# Can somebody tell me the answers to these questions they came up in my test today?Watch

#1
1) Calculate the volume of hydrogen gas, measured at room temperature and pressure, which would be formed when 12 g of magnesium react with excess dilute sulphuric acid (assume that one mole of any gas occupies a volume of 24,000 cm^3 (24dm^3) at room temperature and pressure; relative atomic mass of mg = 24). (2)
Mg(s) + H2SO4(aq)--->MgSO4(aq) + H2(g)

2) A car engine burns the compound octane C8H18
2C8H18(g) + 25O2(g)---> 16CO2(g) + 18H2O(l) Calculate:

(a) The volume of oxygen required to completely burn 2.00 dm^3 of octane vapour. (1)

(b) The volume of carbon dioxide gas you would expect to be formed. (1) (Assume that all gas volumes are measured at the same temperature and pressure.)

3) In a titration, it was found that 28.5cm^3 of dilute nitric acid (concentration 0.100 mol dm^-3) were exactly neutralised by 25.0 cm^3 of pottasium hydroxide solution.
KOH(aq) + HNO3(aq)--->KNO3(aq) + H2O(l)
Calculate the concentration of the potassium hydroxide solution in mol dm^-3. (2)

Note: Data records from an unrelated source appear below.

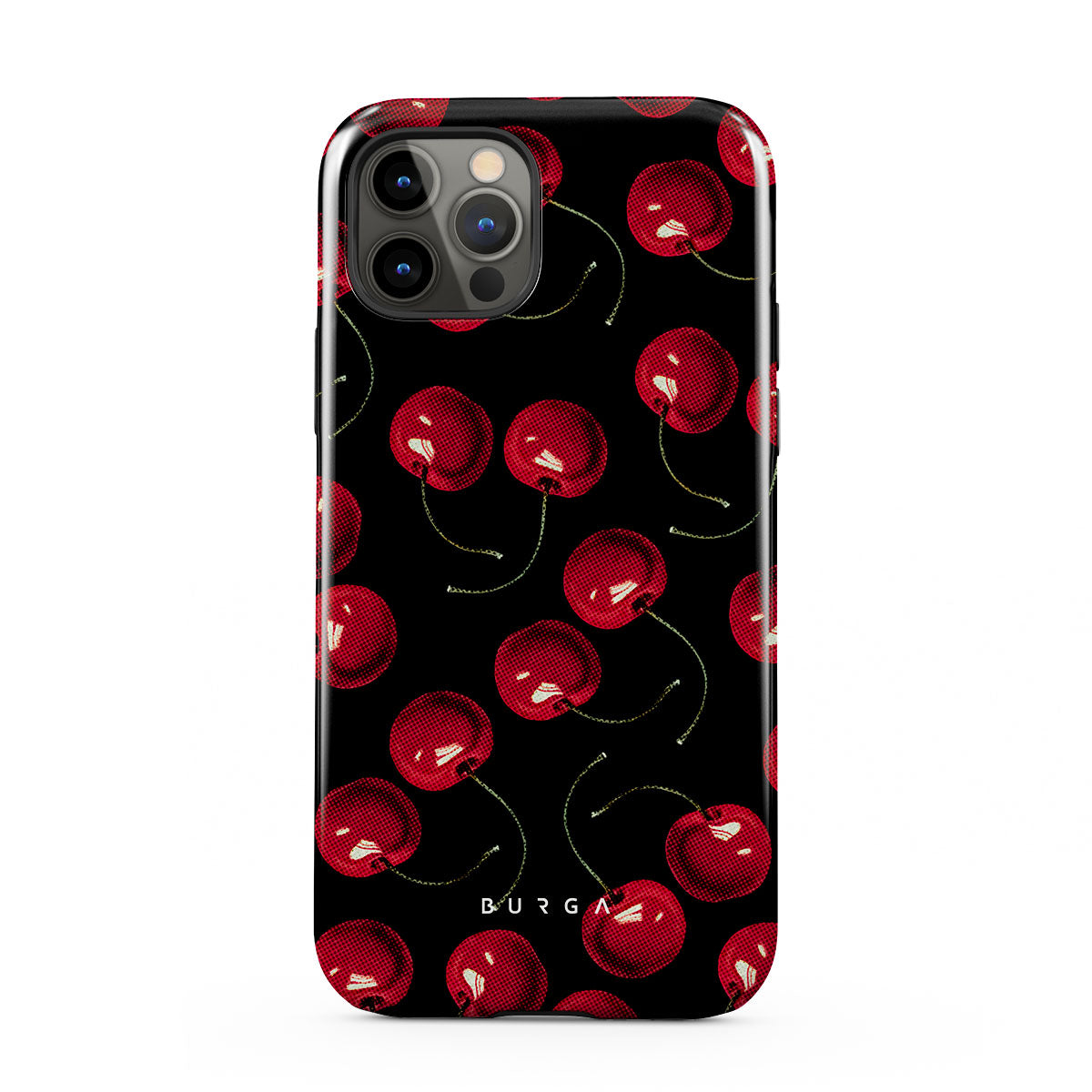 On a deep black background, rich red cherries stand out. Tempting and audacious, our Cherrybomb iPhone 12 Pro phone case design is perfect for anyone who likes to keep things simple yet striking.
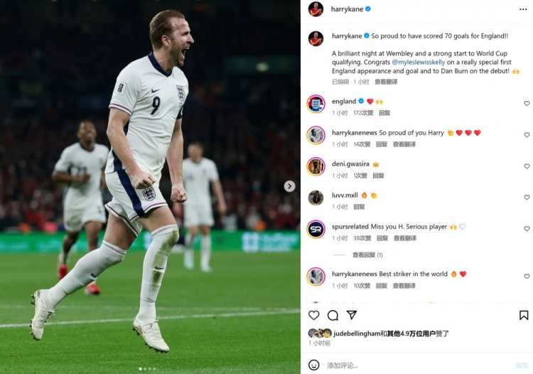 本場比賽凱恩破門,小將斯凱利也取得國家隊(duì)處子球,凱恩賽后曬出慶祝進(jìn)球照片,配文寫道:“為打進(jìn)國家隊(duì)第70球感到無比自豪。在溫布利球場的美妙之夜,也為世界波預(yù)選賽開了一個好頭。祝賀斯凱利度過一個特殊的首秀并且取得進(jìn)球,也祝賀丹-伯恩完成球隊(duì)首秀!”
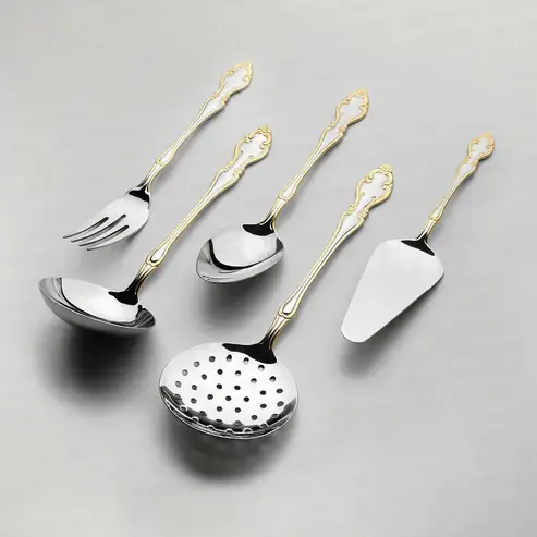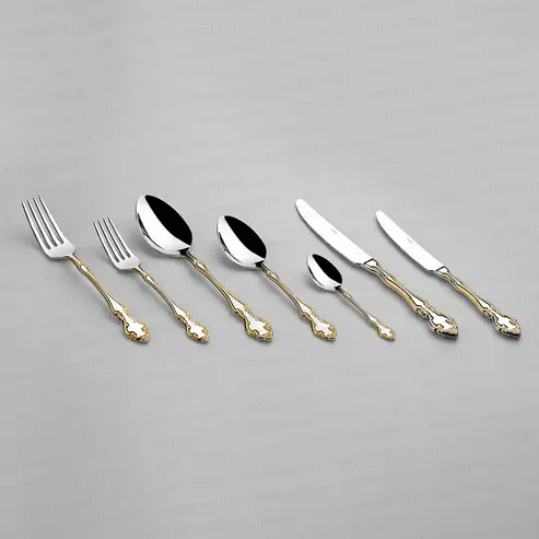 Brighten up your dining with our 89-piece stainless steel cutlery set. The golden decorated handles bring a touch of glam, perfect for fancy occasions. No more unmatching utensils - elevate your table with this stunning and useful set.

4) 40.0 cm^3 of an aqueous solution of pottasium hydroxide containing 5.6 g dm^3 are neutralised exactly by 40.0 cm^3 of dilute hydrochloric acid:
KOH(aq) + HCL(aq)--->KCL(aq) + H2O(l)
Calculate the concentration of the hydrochloric acid solution in mol dm^-3 (relative atomic masses K= 39, O= 16, H=1) (3)

5) In an organic chemistry experiment, 49.2 g of nitrobenzene (C6H5NO2) were obtained from 39.0 g of benzene (C6H6). The equation for the reaction is:
C6H6(l) + HNO3(l)---> C6H5NO2(l) + H2O(l)
Calculate the percentage yield of the reaction (relative atomic mass C= 12, H= 1, N= 14, O=16). (2)

really hard test tbh
0
7 years ago
#2
what do you know so far about mole? state all the formulas about moles that you know of. state what topics about mole concepts have you learnt so far.

then people can decide whether you are worth the "whole answer" help or just some "nudge in the right direction".
0
#3
topic ive covered
1) Counting chemical substances in bulk
2)Calculation of empirical and molecular formula
3) Balancing chemical equations
4) Balancing ionic equations
5) Calculations involving concentrations and gas volumes

I know that avoogadros numbers is 6.022 x 10^23
i know how to balance equations
number of moles= volume x concentration
volume= number of moles/concentration and
Concentration= number of moles/volume
i know how to work out the ratio for empirical formulas
0
7 years ago
#4
mole = volume x concentration(yes in solution)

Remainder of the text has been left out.